I just finished the first of the rooms to sort.  Because we move so often I have adopted a strict policy of " if it isn't used in 6 months and it isn't a seasonal item it goes...." policy I have managed to keep the clutter down somewhat. I come from a long line of pack rats and I have had to gain skills to rid myself of the compulsion to save everything. Sometimes this is hard because I think of all of the uses for something. I especially hang onto papers and articles. I have folders of papers.  Papers I have written, articles I liked, things I found.... it goes on and on so much so it is falling off of my bookshelf. So Sam and I decided that we had to go room to room and sort through our things. 
Garage Sale, thrift store, throw out, storage and taking with us. Our last move we had 14,000 odd pounds of stuff..... we will be allowed a total of 9,000 pounds to go to Germany and whatever we put in storage gets deducted from our total to go. Needless to say the time has come for my house to go on a 5,000 pound diet. Time to learn to live with less. Toss out my pack rat ways and go for the gold of merciless pitching. 
I started with the laundry room because it was making me crazy, it was small room and there are things in there that sooooooo need to go.  Three hours and a walk down memory lane later the room is done. I had a bookshelf in the laundry room with papers of all kinds and a pile of laundry and stuff nearly a mile high in the laundry room. Sam had one shelf of odd things the twins kept tracking through the house. So I sent Sam in first this afternoon while I was grocery shopping, I have to say I was pleasantly surprised and the speed and agility he rid himself of clutter. 
I had a shelf then, and it wasn't any shelf it housed the folders of paper. To give you an example I have a paper I wrote in high school in one folder. It was on diseases of the third world and I got an A; I loved this paper it was the first "serious" paper I wrote about where I planned to go "save the world" with my nursing skills. I have folders from my favorite college classes and papers I wrote for professors in undergrad. Articles from classes I liked. I found one folder especially interesting it was articles from my Global Politics class. I hated the professor she was awful but there were so many fascinating articles. They were on topics such as China's emerging power in the market place.... The articles were from 1994 and they were full of predictions of where business and China were headed in the next 10 years. some of the predictions were way off others close to current issues.  The 10 years has definitely come and gone. I especially loved reading my notes in the margins. maybe I haven't strayed to far from myself after all. There were articles on Islamic and western relations and where analyst had predicted conflicts might occur. The articles are from 1995 but, they predicted Afghanistan would be an issue. The papers I wrote, the grades I received it was like looking at my mind from a different place. Some of my thoughts were clearly influenced by the classes and others things I feel today still. Other ideas, artifacts of the past Heather who had yet to experience life.
I had to pitch a lot. When all was said and done Sam and I together threw out 4 garbage bags full of stuff, mostly paper. Artifacts from a past left behind. I wonder what I'll find in a folder 10 years from now journey's I have yet to go on things I have yet to file away. Who knows but, the artifacts of our lives are so fun to visit. I guess the anthropologist in me will never leave... just occasionally become buried in the paper folders I save :)

Friday, June 13, 2008

0 to 60 in seconds flat





Well today's theme is Be careful what you wish for ...you may get it all and more :)
Which on the sunny side is excellent but the messy details that make it all happen can be mind boggling. Yesterday I was looking at my various favorite blogs ( see other blogs list on the side of this blog) thinking especially about my friend Rachael and her blog about her life as a navy wife in Japan reading about their trip to the big Buddah. Thinking wow just normal everyday things are exciting there I wish my life was more exciting and "glamorous"... As many of you know Sam and I have been wanting to go overseas at some point in the military career we talk about it a lot. Funny enough I was talking with Jenny on the phone and she and her husband are going to Europe this fall and I was thinking what fun how exciting. I wish we could get over seas orders.......

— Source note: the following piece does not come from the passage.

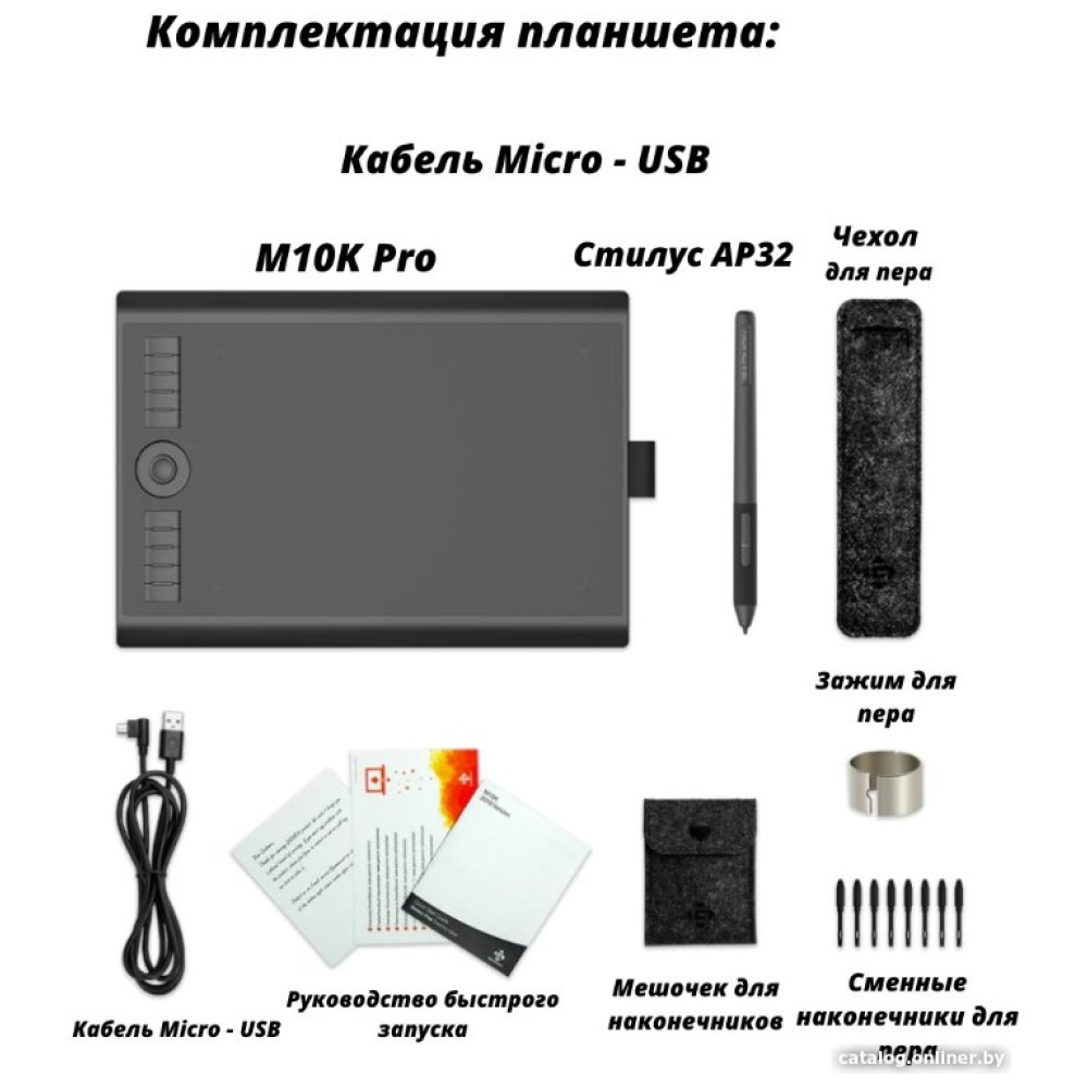- Комплект поставки- графический планшет - стилус Gaomon AP32 - сменные наконечники (8 шт.) - зажим для стилуса - пенал для стилуса - кабель microUSB - USB Type-A - OTG-адаптер на USB Type-C - OTG-адаптер на microUSB - чехол для адаптеров - документация

Then this morning  my life went from 0 to 60
 in 2 seconds flat. Sam had been selected for an overseas assignment to Stuttgart Germany
 

Yes folks that is right WE HAVE OVERSEAS ORDERS TO GERMANY !!!!!!

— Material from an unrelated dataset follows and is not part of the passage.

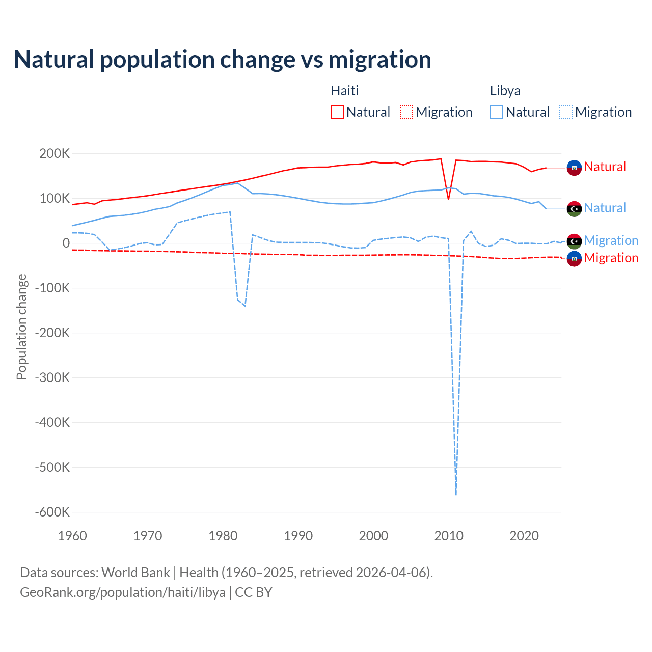 Over the last 10 years, 83.9% of the population change in Haiti is from natural causes (a gain of 1,740,319 people) and 16.1% is from migration (a loss of 333,076 people). In Libya 99.4% is from natural causes (a gain of 975,799 people) and 0.63% is from migration (a loss of 6,150 people).

now looking for it and the information was fun strange.... it hadn't sunk in yet... Sam would be working for a 4 star Army General and it is an unusual Photojournalist assignment.....

As the day progressed and more details were confessed :) it became a bigger reality. By the afternoon it was official...WE HAVE ORDERS TO GERMANY !

We were all excited.... then the control freak panic set in and my type A went into overload.... Where will we live?  What about school for the kids? How will we shop? Will I have access to medical stuff for T I don't speak German. A chance to travel to all kinds of places while we are there I am more excited about that. Germany can I do ok there? Suddenly a popular European country became a very exotic place and my life got crazy very quickly.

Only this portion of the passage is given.